Una caja de rapé con simbología masónica, pieza del mes de febrero 2019 del Museo de Olivenza

Caja de rapé. /CEDIDA
Caja de rapé. / CEDIDA

La pieza fue donada por la Asociación Limbo Cultura de Olivenza

Juan Miguel Méndez
JUAN MIGUEL MÉNDEZ

La palabra rapé procede del término francés 'râpé', que significa rallado, y es un preparado de tabaco tostado puro, molido hasta convertirlo en polvo muy fino, que se esnifa. Fue muy popular entre los pueblos originarios de América Latina y es de Brasil de donde se tienen los primeros registros de su consumo.

Según informa el Museo Etnográfico Extremeño 'González Santana' de Olivenza, el rapé llega a España a mediados del siglo XV, cuando Felipe II ordenó al médico y botánico Francisco Hernández de Boncalo que trajera semillas de tabaco de América para plantarlas en Toledo.

Además de su consumo recreativo, en Europa, en sus primeros momentos, tuvo aplicaciones medicinales. Fue el embajador francés en Lisboa, Jean Nicot quien envió rapé a Catalina de Médici para tratar las migrañas padecidas por su hijo.

En los siglos XVIII y XIX era una moda muy extendida entre la aristocracia europea esnifar rapé. Los hombres que presumían de ser elegantes llevaban en su bolsillo un bonito recipiente, en forma de caja, como la que exponemos este mes, donde almacenaban este polvo, que se intercambiaban como signo de cortesía. Era de mala educación inhalar ante las señoras, por tanto, los hombres cuando sentían esa necesidad se retiraban a otra estancia con la intención de «echarse unos polvos a la nariz».
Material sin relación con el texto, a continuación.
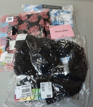 One as new New Girl Order Queen of Recycling t-shirt size 10. One as new Current Mood Freak Like Me Fishnet Shrug size XS. One as new Current Mood Werk of Art Mesh Dress size M.
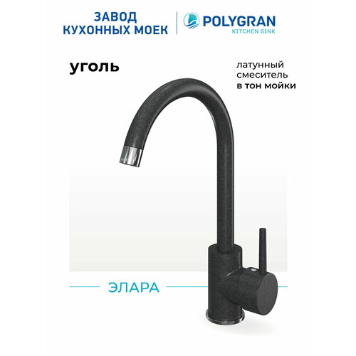 Смеситель кухонный Элара (Уголь) поворотный излив, латунь, гибкая подводка, аэратор
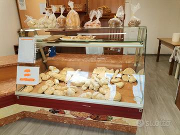 Vendo bancone angolare con vetrina espositiva illuminata, in ottime condizioni, perfetto per panificio, gastronomia, bar o negozio alimentare.
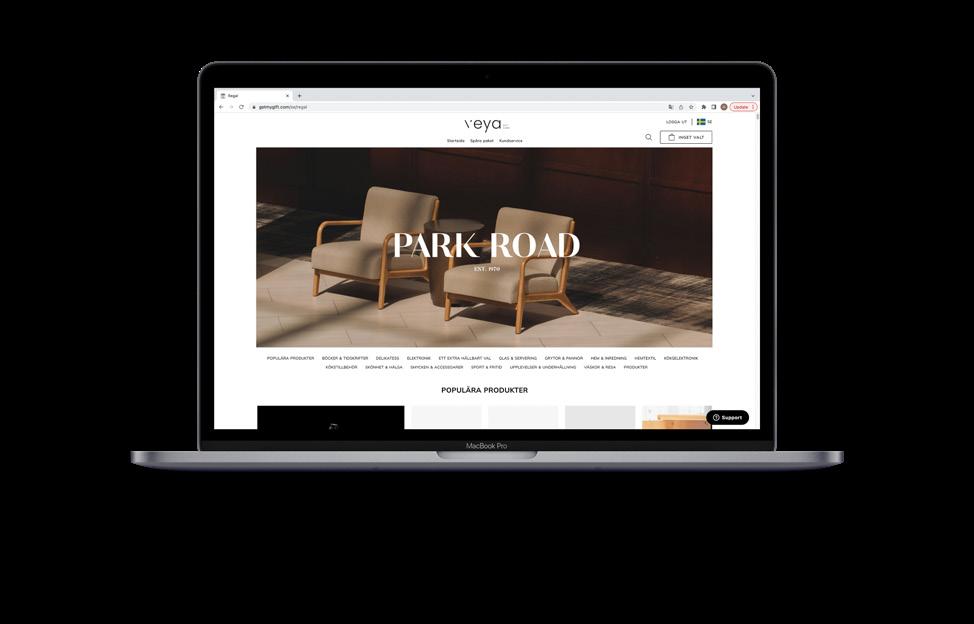 På nettstedet www.getmygift.com kan den heldige mottakeren velge en gave fra et nøye utvalgt sortiment. Med den unike koden på gavekortet vises det utvalget som tilsvarer verdien av gavekortet mottakeren har fått. Et Veya-gavekort gir mottakeren muligheten til å velge 1 gave fra det utvalgte sortimentet.
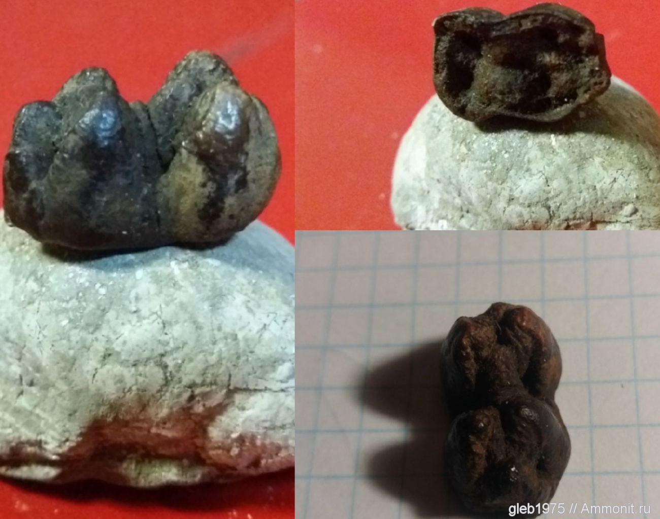 Это скорее окончание корня зуба жвачного какого-то, судя по тому, как он окатан - ледник тащил. По такому фрагмену специалисты могут даже не сказать точно. Датировка, мб плейстоцен, а мб и 2000-3000? | ||||||
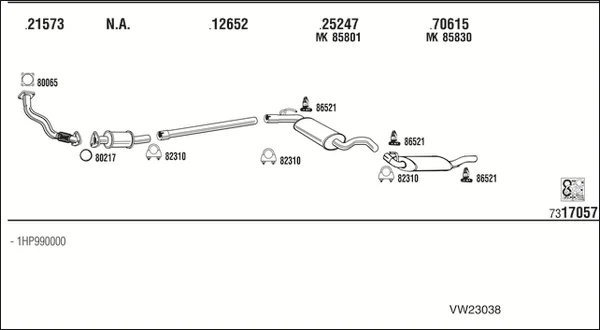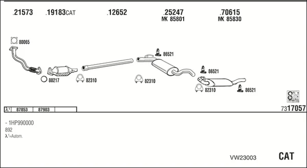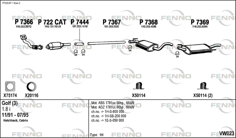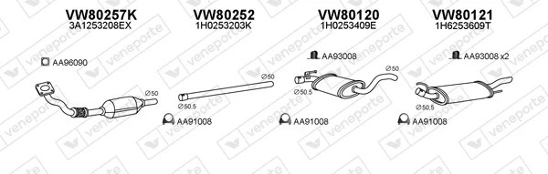 VW GOLF III Van (1H1) 1.8 - Výfukový systém - kompletní od 8/1991 do 12/1997, 1781 ccm, 66 kW, 90 hp, ABS, ADZ, Schránky/šikmá záď
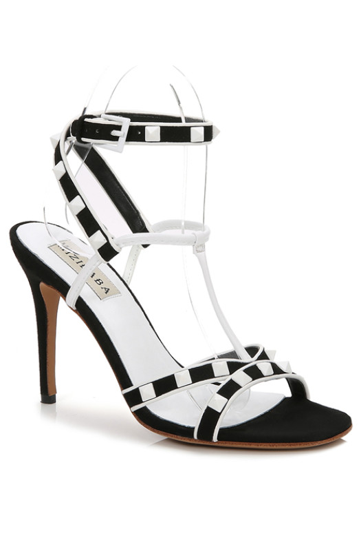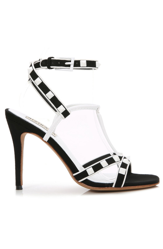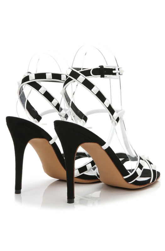 BLACK STRAPPY WHITE RIVETS SLINGBACK STILETTO HEELS
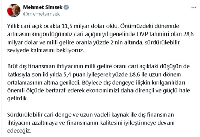 ANKARA, (DHA)- HAZİNE ve Maliye Bakanı Mehmet Şimşek, "Yıllık cari açık ocakta 11,5 milyar dolar oldu. Önümüzdeki dönemde artmasını öngördüğümüz cari açığın yıl genelinde OVP (Orta Vadeli Program) tahmini olan 28,6 milyar dolar ve milli gelire oranla yüzde 2'nin altında, sürdürülebilir seviyede kalmasını bekliyoruz" dedi.Hazine ve Maliye Bakanı Mehmet Şimşek, ocak ayı ödemeler dengesi istatistiklerine ilişkin sosyal medya hesabından yaptığı açıklamada, "Yıllık cari açık ocakta 11,5 milyar dolar oldu. Önümüzdeki dönemde artmasını öngördüğümüz cari açığın yıl genelinde OVP tahmini olan 28,6 milyar dolar ve milli gelire oranla yüzde 2'nin altında, sürdürülebilir seviyede kalmasını bekliyoruz. Brüt dış finansman ihtiyacının milli gelire oranı, cari açıktaki düşüşün de katkısıyla son 2 yılda 5,4 puan iyileşerek yüzde 18,6 ile uzun dönem ortalamasının altına geriledi. Böylece dış dengeye ilişkin kırılganlıkları önemli ölçüde bertaraf ederek ekonomimizi daha dirençli ve güçlü hale getirdik. Sürdürülebilir cari denge ve uzun vadeli kaynak ile dış finansman ihtiyacını azaltmaya ve finansmanın kalitesini iyileştirmeye devam edeceğiz" ifadelerini kullandı. (DHA)
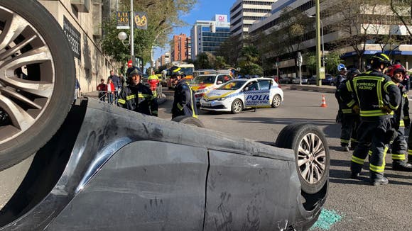 Vuelca un coche en un aparatoso accidente en el centro de Madrid

Con el tiempo, la excusa para ausentarse de la reunión comenzó a utilizarse también para poder tener fugaces y apasionados encuentros con la amante de turno, de ahí el origen de un dicho muy frecuente entre el pueblo.

El Museo de Olivenza ha mostrado como pieza del mes de febrero de 2019 una caja de rapé , de 1,5 centímetros de altura y 3 centímetros de diámetro, y presenta en la tapa un compás sobre una escuadra, simbología masónica que hace referencia al grado de 'maestro', el tercero de la jerarquía tras los de 'aprendiz' y 'compañero'.

La escuadra representa la norma, la referencia, lo que está ahí, lo que es previo a la creación. El compás, por el contrario, representa la sabiduría del espíritu, la creación, la creatividad que se puede permitir el que ya conoce normas y reglas.

La escuadra es por ello mismo, la herramienta que permite poner derecho, conforme a la regla los errores del profano, entendiendo por profano, en terminología masónica, el que no pertenece a la masonería.

Así, en el primer grado, sobre el altar de los juramentos que se encuentra a los pies del Venerable Maestro que preside la ceremonia de admisión, la escuadra es colocada sobre el compás, la norma sobre la creación. En el segundo grado, el de compañero, escuadra y compás están entrelazados, pues aunque el iniciado aún no puede desprenderse de la norma, puede empezar a ejercitarse en la creatividad. Mientras que en el tercer grado, el de maestro, el compás ya aparece sobre la escuadra, signo de la perfecta y total maestría que permite utilizar el compás en todos los grados de abertura, la creación más allá de la norma.

En el centro, entre el compás y la escuadra, figuran las iniciales F&U, abreviaturas masónicas que significan Fuerza y Unión.

Esta pieza fue donada al Museo de Olivenza por la Asociación Limbo Cultura.